This year’s annual conference of the Working-Class Studies Association, of which I have been a member for nine years, takes place from 18 to 21 June in Laramie, Wyoming. The conference theme is “The Power of Working-Class Action and Thought.” I will be participating with the paper “Beatitudes of the Coalfields: Prophetic Christianity, Class Solidarity, and Working-Class Thought in Matewan (1987).” Here is the abstract:
John Sayles’s Matewan (1987) dramatizes the events surrounding the Battle of Matewan — an early episode in the West Virginia Coal Wars — through the intersecting lives of miners, families, and union organizers in a small Appalachian town. The film follows Joe Kenehan, an ex-Wobbly organizer who arrives to help miners confront the Stone Mountain Coal Company, alongside “Few Clothes” Johnson, a Black miner recruited as a strikebreaker, and Danny Radnor, a young miner and lay preacher whose moral voice frames the narrative. Amid wage cuts, evictions, and the threat of the Baldwin-Felts detectives, Matewan exposes the racism, xenophobia, and strategic fractures that threaten working-class unity, while insisting on the ethical stakes of collective action.
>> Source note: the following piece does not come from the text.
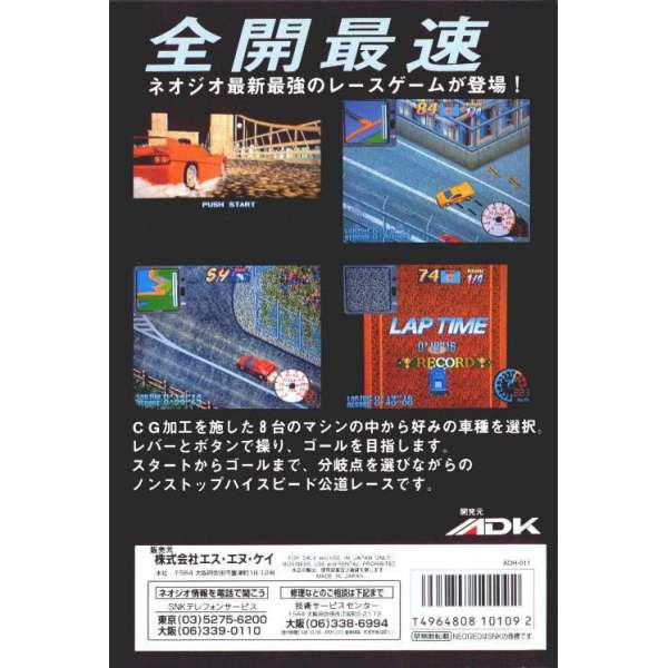 Released in 1996 on the Neo Geo arcade system (MVS) and later ported to AES and CD home consoles, Over Top / オーバートップ is a top-down racing game developed by ADK and published by SNK. As the spiritual successor to ADK’s earlier title Thrash Rally, this game emerged during the mid-90s, a period when racing games were increasingly shifting toward 3D. Instead of following the trend, Over Top honed its 2D presentation to perfection, combining meticulously pre-rendered graphics with unique long-distance track design, making it one of the most distinguished racing titles on the Neo Geo platform.

This paper argues that Matewan treats religious language and communal ritual not as incidental background but as a mode of working-class thought formed through struggle. Sayles juxtaposes church preaching, personal faith, and moral storytelling with union meetings, racial tension, and the dilemma of whether solidarity can survive escalating violence. Drawing on scholarship on Christianity and labor politics in America’s coal country, as well as studies of working-class cinema, I show how Matewan frames religion as an idiom through which workers interpret exploitation, contest division, and imagine interracial organizing. The film ultimately demonstrates how working-class action and working-class thought emerge together — through speech, ritual, and moral decision-making under pressure.